She nodded and slipped the wide gold band on, her face pale but set. Bruce eyed her critically. Nothing about her appearance suggested that she was bugged as thoroughly as he knew how. The microphone and speaker set was planted invisibly inside her ear; there'd be no missing anything she said and he could keep her updated without a problem if he needed to. The two cameras, each equipped with their own GPS sets, were blended into a pendant necklace and the toe of her right shoe. The one on the necklace also kept track of her heart rate, temperature, and breathing.
She still looked frighteningly vulnerable, especially compared to him, dressed in his bulletproof suit equipped with weapons and gadgets. Once again, Bruce had to fight down the guilt rising in his stomach like bile. What was he thinking? Was he really so desperate that he'd send an unarmed woman, even this one, up against the Joker?
As always, Taylor was keeping her head with almost inhuman coolness. She was paler than usual, but her whole attitude was crisp, businesslike; she stood at complete ease in the middle of the Batman cave, having a casual conversation with him about her planned capture by a serial killer. She was either insane or much, much braver than he was. "How long do you think until he comes after me?"
"It depends." He tried to match her professional tone. "It'll take a little while for word to get out that you're alive and in Gotham, especially since you're in a protection program to keep your actual purpose hidden. And he seems pretty content now, blowing up buildings and snatching random people off the street every day. He might not even come after you. It's hard to tell with him." Bruce shrugged and returned to the other paraphernalia sitting on the same stainless steel table Andi had used to operate on him. "Now.
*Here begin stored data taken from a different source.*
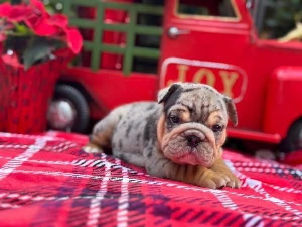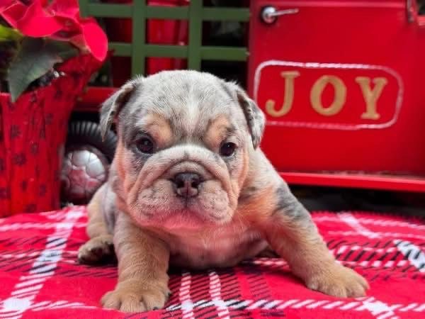Meet Remi, a gorgeous lilac merle English Bulldog puppy with a one‑of‑a‑kind coat that’s sure to turn heads. His plush fur features a soft lilac base with beautiful marbled merle markings and warm tan points on his legs and cheeks. With his deep wrinkles, compact build, and that signature bulldog pout, Remi is the perfect mix of adorable and distinguished.
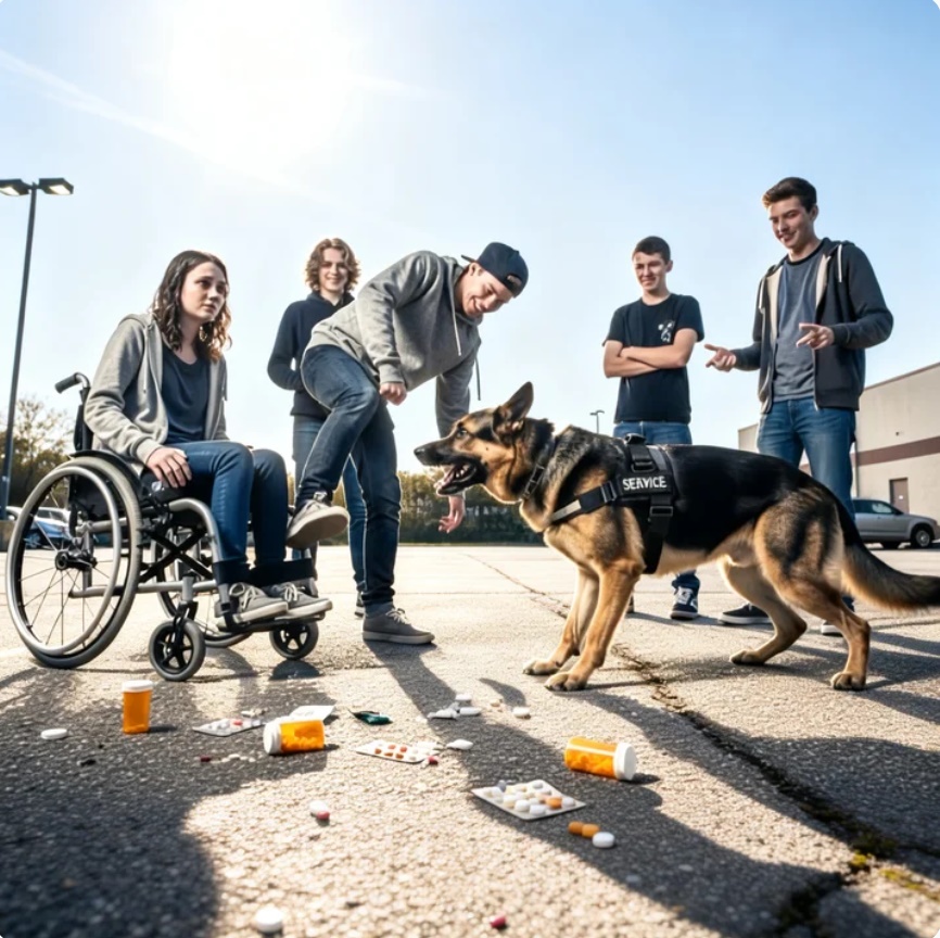 Su pastor alemán se tambaleó hacia atrás, pero no ladró, ni mordió, ni huyó. Simplemente se quedó allí, temblando pero absolutamente leal, porque detrás estaba Emily, la chica en silla de ruedas, incapaz de defenderse, incapaz de defenderla.
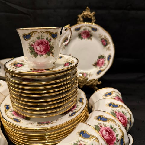 Alt er hele og oene bortsett fra en kakefat som er skår på kanten.
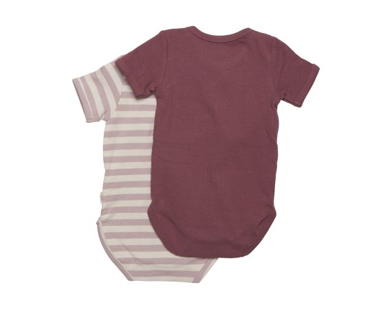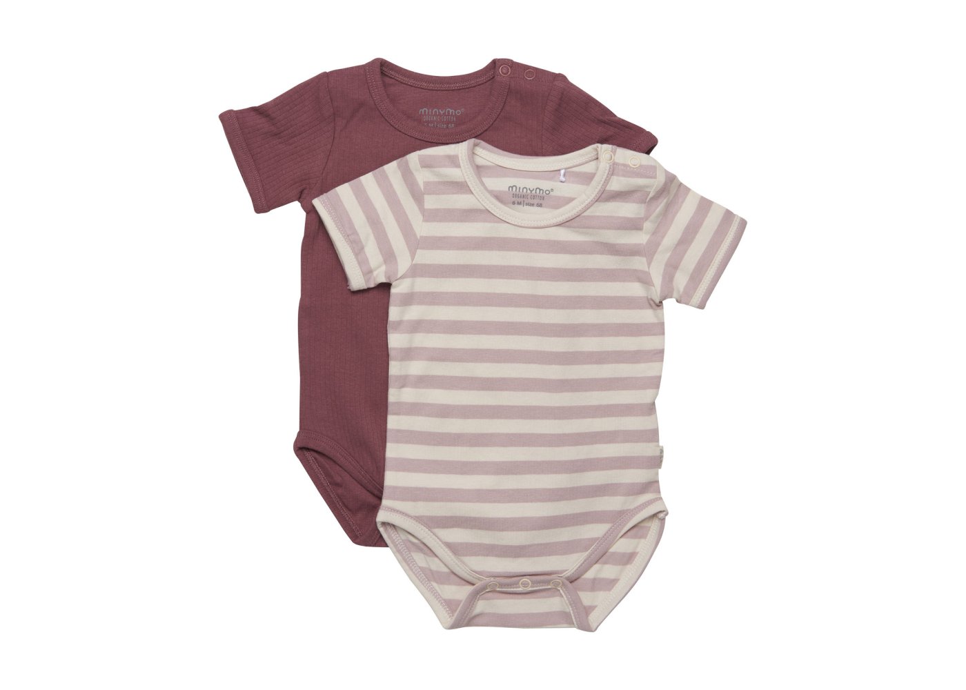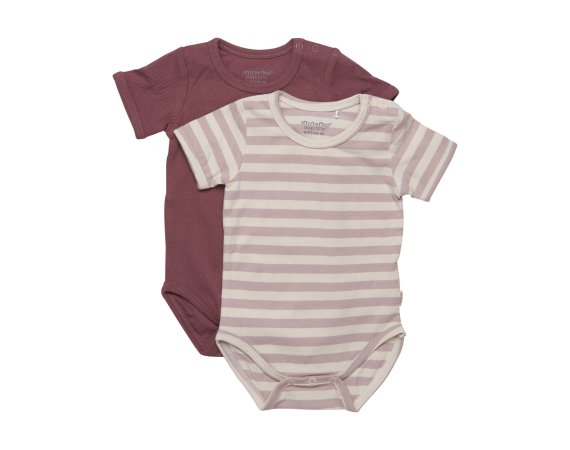 Kortærmede bodyer fra Minymo, rød og rosa.
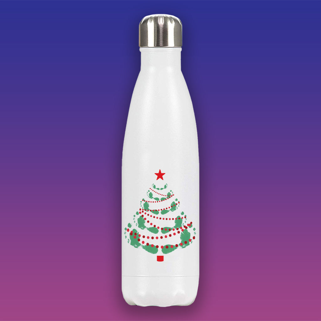 Fel rhan o'n casgliad 'Tymor y Gwyliau', mae'r dyluniad hardd hwn yn cynnwys olion traed y babanod efeilliaid Seren a Rowan, a aned 2 fis yn gynnar ac a dderbyniodd laeth rhoddwr gan y Human Milk Foundation yn NICU. Mae'r olion traed yn ffurfio coeden Nadolig, ynghyd â baubles a seren ar y brig!
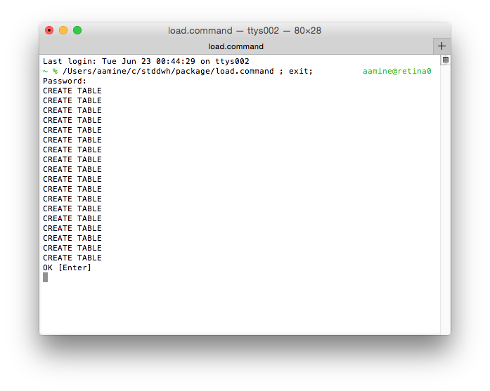 以上でロード処理が実行されます。 次のように「OK [Enter]」と表示されたら処理は正常に終了しているので、 ウィンドウを閉じて構いません。
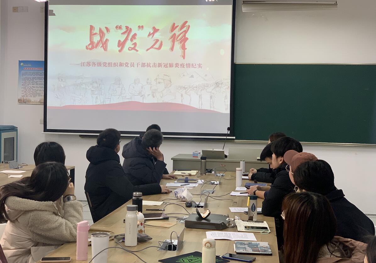 2020年度总结大会分三项议程,首先由支部书记杨滢做学生支部202年度工作总结汇报,从支部活动情况、党员发展、理论学习、工作思路和措施四个方面做了总结汇报,在场还分发了支部班子民主评议表进行对学生支部工作的民主评议,部分党员进行了交流发言;然后学院党总支副书记杨军作为支委代表发言,他希望学生党员能够在学生中发挥先锋模范作用,在思想政治表现、理论学习层面、实际业绩成果等三方面都能够不断提升自我;最后在场师生一起观看了江苏先锋网视频《战“役”先锋》
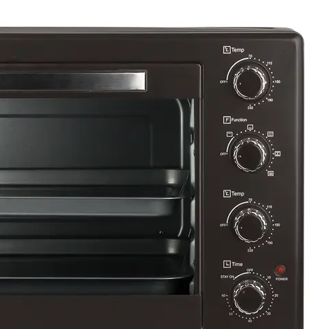 * Separate temperature selector - separate and precise temperature control for upper and lower racks, allows you to set two temperatures for different foods at a time, provides maximum cooking flexibility. * Simply control & 60-minute timer - set the temperature and timer to your exact specifications using the easy-to-turn knobs. The auto shutoff and signal bell give you peace of mind that your food won't overcook once the time is up. * Fast & even heating - Luby electric oven can be heated fast and even by the four heating Tubes. Perfect for broiling turkey, fish, baking pizzas, cookies, toasting bread and keeping food warm, just about everything!
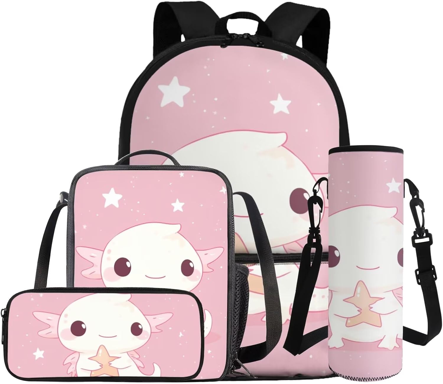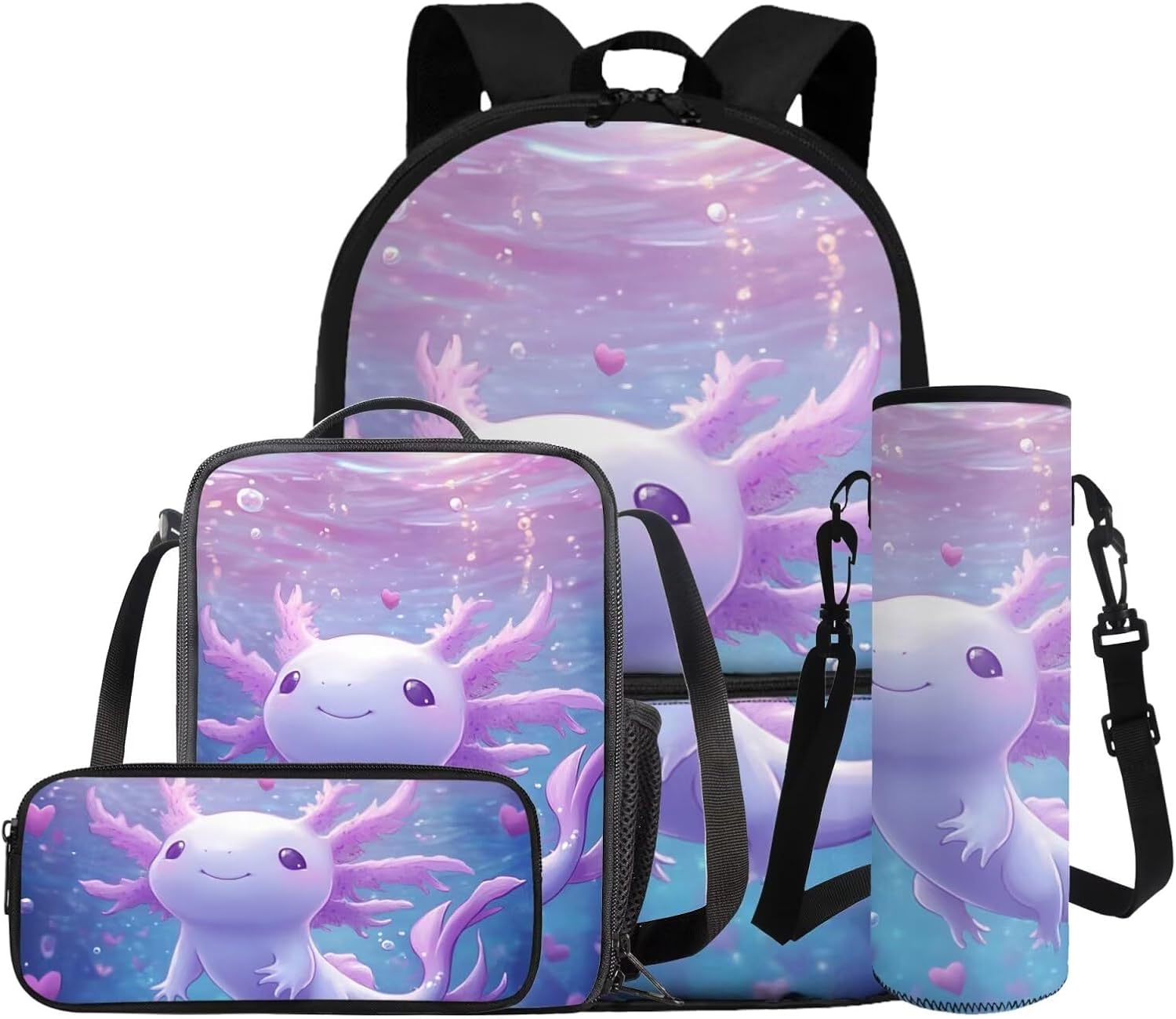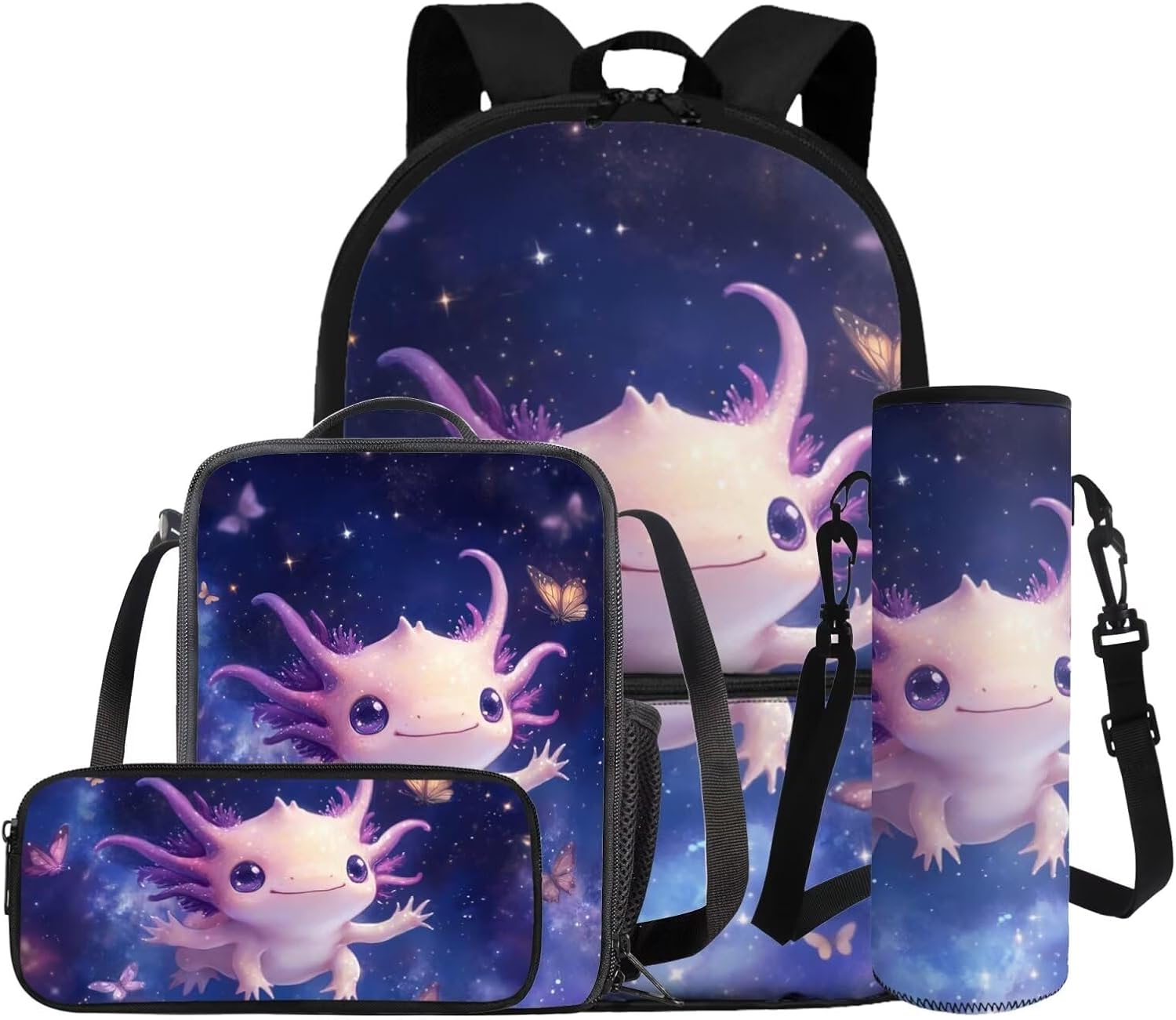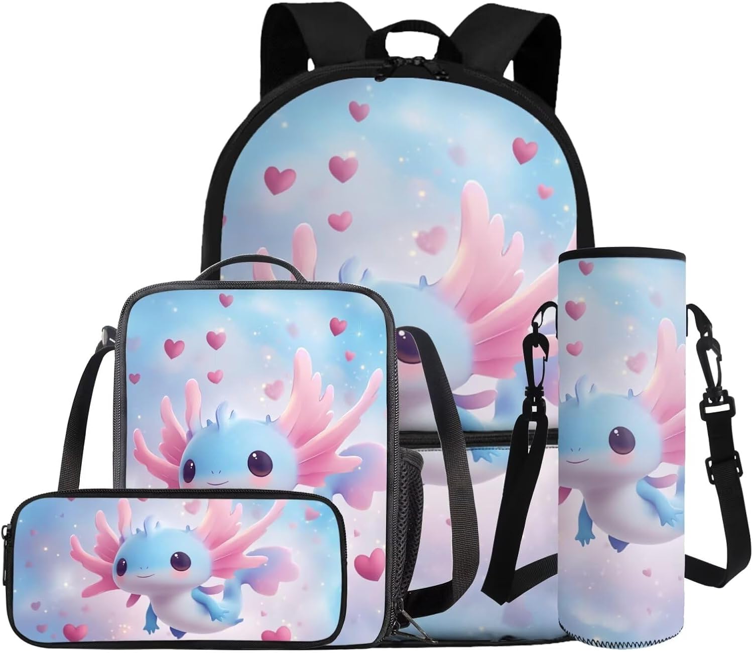–1 Backpack + 1 Lunch bag + 1 Pencil Case + 1 Water Bottle Sleeve
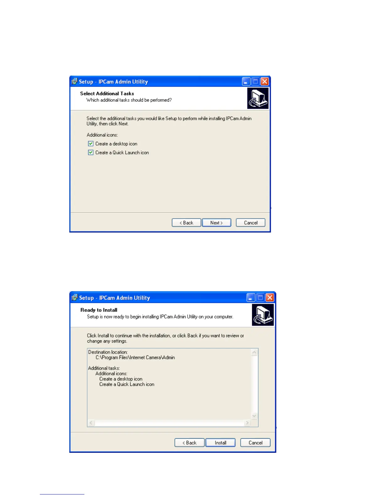 3. If you wish to create desktop icon and / or quick launch icon for camera
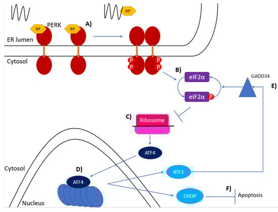The PERK pathway of the unfolded protein response. (A) BiP bound to the luminal domain of PERK dissociates when unfolded proteins accumulate allowing oligomerisation and phosphorylation of the PERK monomers. (B) Phosphorylated PERK then phosphorylates eIF2 on its α subunit at S51. (C) Phosphorylated eIF2α interferes with ribosomal translation of mRNA and causes downstream ORFs to be translated, such as ATF4. (D) ATF4 induces expression of ATF3 and CHOP. (E) ATF3 binds to the promoter region of GADD34 which activates a protein phosphatase which dephosphorylates eIF2α. (F) CHOP induces ER stress-induced apoptosis.
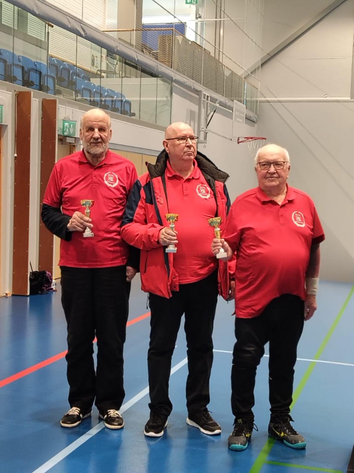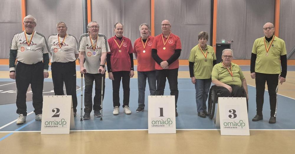Mikkelinpiirin boccian joukkumestaruuskisoista 24.2. hopeaa pokkasi Pieksämäen joukkue Raimo Villanen, Veijo Leppänen ja Keijo Kaatranen.
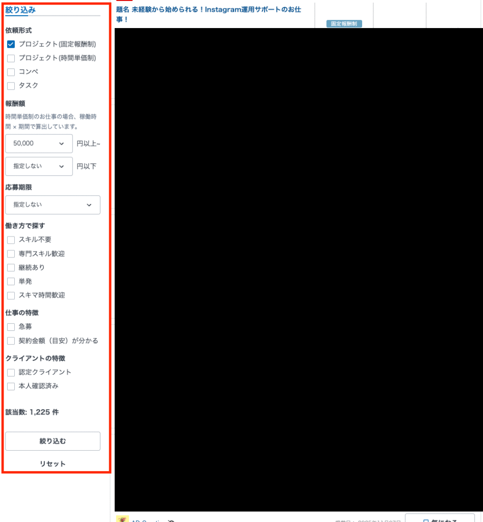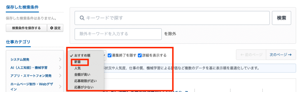 - 募集終了を隠す:現在募集中の案件だけを表示できます。
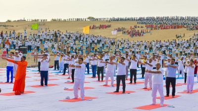 अंतरराष्ट्रीय योग दिवस के अवसर पर शनिवार को जैसलमेर जिले के खुहड़ी क्षेत्र के रेतीले धोरों पर राज्य स्तरीय समारोह आयोजित हुआ।
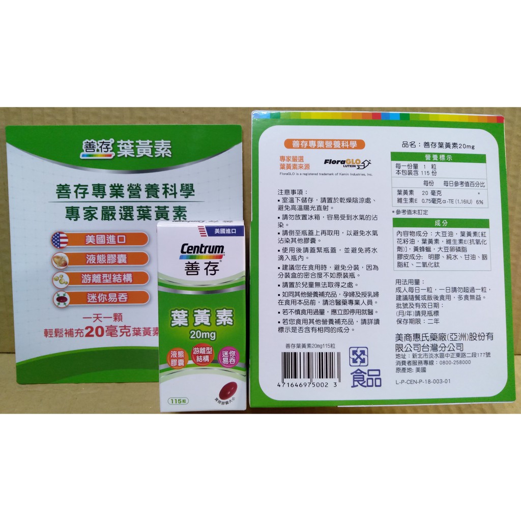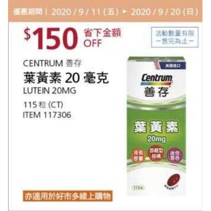 好代go 代購 善存葉黃素115粒 20mg 游離型葉黃素好市多代購centrum Lutein Costco 蝦皮購物

That's all I have for tracing you unless you want me to surgically implant a tracker or something."
Andi threw him a disgusted look.
"Hey, that's what Alfred was suggesting!" Bruce raised his hands innocently. "Be glad I talked him out of it. Anyways, the other things here deal with tracking the Joker. We don't know what he's going to try, so I'm giving you several other things that might be useful once he finds you. I had to go with small objects, though, that can either be hidden or explained away if he finds them. More than anything, he can't know that this is a set-up."
Bruce held up a shirt from a stack of clothes he had sent Alfred out for earlier. Hopefully they were the right size and style—he didn't exactly follow women's fashion, but Andi always seemed to be wearing jeans and sneakers, and he couldn't see anything like that in the pile in front of him. She looked rather nonplussed. "What, did you think I looked fat in these clothes?"
Bruce had never claimed to understand women, but he knew better than to start on that issue. Least of all with a woman who already detested him. "Alfred got these yesterday," he said hastily, "Along with basically a whole new wardrobe. I've coated all of it with chemicals that will emit radio waves. I've got a network set up all over the city to sense for it and, while it will find you most easily since you'll be the one wearing most of the chemicals, he'll pick them up too if he tackles you or even grabs you hard by the arm. Try to get closer to him if you can, get more on him."
Andi raised her eyebrows and nodded approvingly. "What else?" she asked.
"These." Bruce handed her a pocket knife and a bottle of mace.
Andi snorted. "You honestly think that the Joker's going to be beaten with a little pepper spray?"
"No. This isn't pepper spray. Oh, it'll still sting the eyes, but more importantly it's also got the same radio wave substances in the spray. Use this if you can't get close enough to him to use the clothes or even to make an actual escape attempt if you need to, and I'll pick up the signal to track him down. The knife has its own tracker. Obviously, use it for self defense, cutting bonds, or whatever, but the real trick is if you can slip it into the Joker's pocket. He probably won't notice it's even there with all the others he has. Plus, it also carries a couple of detachable trackers in the hilt. See?" He twisted the bottom and several small black buttons fell into his hand. "They reattach to the knife and are sticky on one side. Slap them onto his back, in his car, whatever, and we'll be able to find him even if—"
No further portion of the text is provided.